Speechy
This project is still under development.
Links
The project is available on GitHub:
Need
This project was carried out during my free time for my own needs. During my alternating studies, I discovered a very important element in my work: note-taking. Indeed, as a student alternating between school and work, I had long periods without school and conversely long periods without work. Thus, when I returned to school or work, I quickly realized that it was impossible to remember everything I had done and what I was working on.
So, I started taking notes and documenting everything I did and learned, whether at school or at work. I started using Google Docs and then switched to Notion, which I still use. However, after a few years, I realized that when I finished a meeting, for example, and formatted my notes, I omitted some things because I wanted to both expand and rephrase my notes. So, I lost some information.
Then one day, I tried an online tool that allowed transcription of what I said, and this allowed me to not omit anything from the meeting I had just had. Moreover, I found this way of working useful when I was thinking about a project, for example. That being said, I needed a personal platform to do this and connect it to my notion (where I keep all my written traces).
Objectives
The objective is therefore to create a website that allows transcription of voice recording and provides a summary as well as the key points of this recording.

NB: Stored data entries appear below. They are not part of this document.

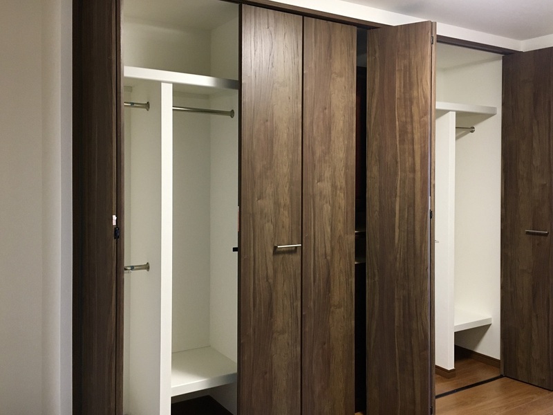 リビングの壁一面にテレビボードも兼ねた壁面収納を取付ました。リビングに面した和室も洋室にして、ご夫婦のクローゼットを造作。収納が増えて快適な空間になりました。
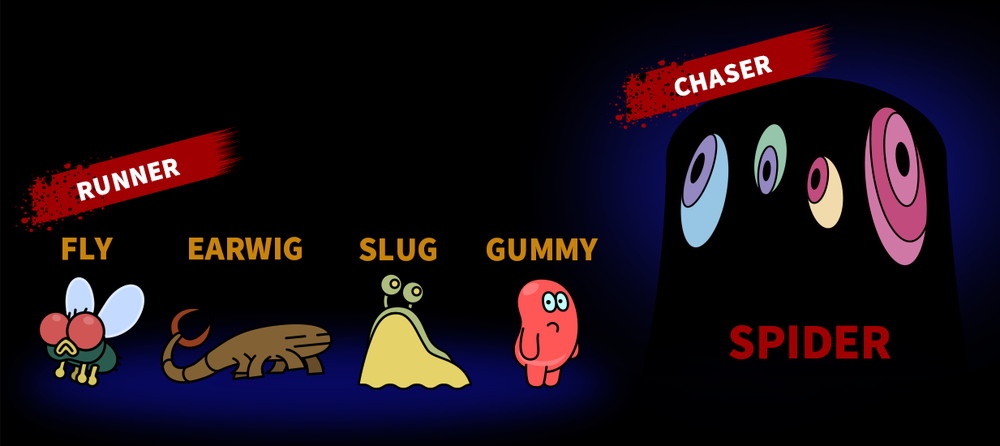 本作は、古びたホテルを舞台に、追跡者のスパイダーと逃走者の4匹の虫たちが駆け引きを繰り広げるオンライン鬼ごっこゲーム。逃走者は協力して生き残りをかけて戦い、スパイダーは闇に潜みながら、糸を飛ばして虫たちを捕獲する。
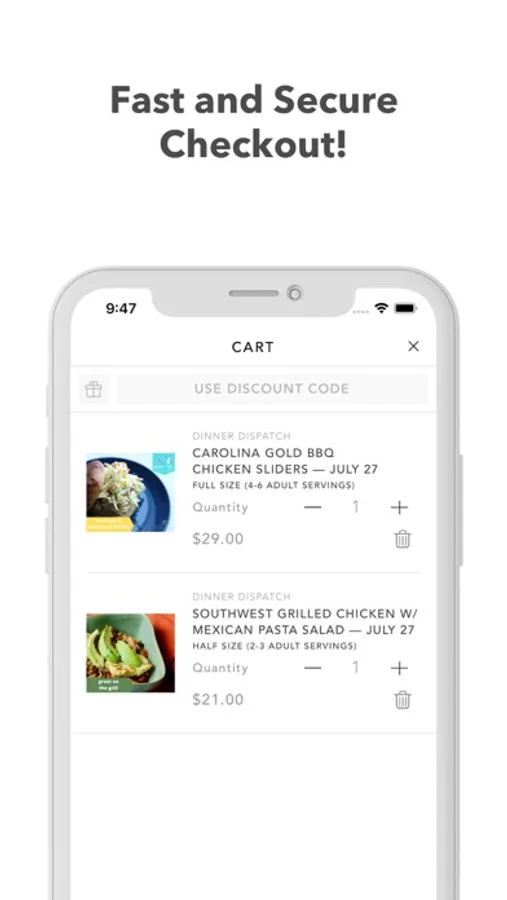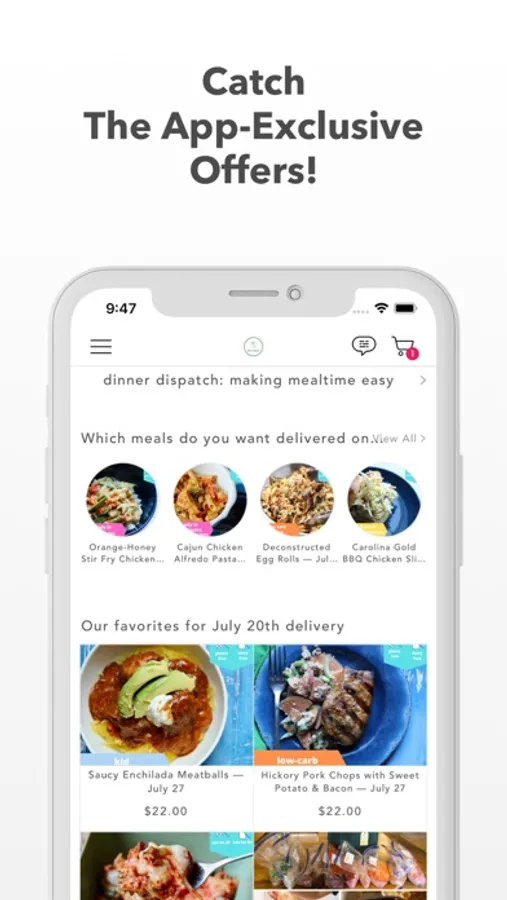 Our app lets you pick your meals for the week and schedule your delivery, and will include reminders that your meals are on the way. You can also chat with us directly within the app — it's our primary way to communicate with our customers. Be sure to enable notifications so you have the most current information about your meals.
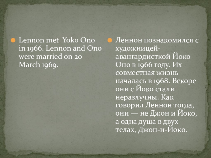 Леннон познакомился с художницей-авангардисткой Йоко Оно в 1966 году. Их совместная жизнь началась в 1968. Вскоре они с Йоко стали неразлучны. Как говорил Леннон тогда, они — не Джон и Йоко, а одна душа в двух телах, Джон-и-Йоко.

Another objective was to use AI in a real project to discover the power of these tools.
Methodology
I started by developing a POC that works, and I will improve it as I need.
Technologies Used
I am still in full reflection. Indeed, I started a POC using Whisper from OpenAI and GPT to summarize and get the key points. However, I realized that in terms of cost, it would quickly become expensive.
I then turned to lighter open source models that I could run locally (for processing after transcription). This worked (a little less well than Whisper certainly because the models are lighter) and saved me from paying a lot for nothing. However, I want to be able to use this project anywhere without necessarily running an LLM on every PC I want to use.
So, I am starting to think about hosting this model on Azure. This will save me a lot of money compared to using an LLM via the OpenAI API, for example. Moreover, I could use functions to further limit costs.
Azure
Nuxt
TypeScript
Azure Functions
Azure Static Apps
Azure Key Vault
Whisper
GPT-3.5-Turbo
Architecture
Results
The project works well, I can record my voice or directly add an audio file. This will then be sent to my backend (Azure Function) and finally to OpenAI to get the transcription. With the transcription, we send this time to GPT-3.5-Turbo to get a summary and the key points covered.
I decided to use GPT-3.5-Turbo rather than GPT-4 to limit costs even more, especially since for such a simple task, it was not really necessary to have a more powerful model.
Remaining Tasks
The project is currently functional but it can still be improved. Indeed, it would be necessary to:
- Code:
- Add a limit to the duration of a recording to maximize token usage.
- Check the added files and their format before sending them to OpenAI.
- Improve error outputs.
- Add a timer to know the duration of the recording.
- Add Tests
- Architecture:
- Add a database to keep track of the latest transcriptions.
- Add connection to Notion and sending data to a Notion page.
- Allow configuration of the solution for use by other people.
- Find a cheaper alternative to the OpenAI API.
Conclusion
I am proud to have been able to carry out this project; it was not very difficult since I use the OpenAI API, which is very easy to use. The project works quite well and meets my needs, but I would like to improve it even more.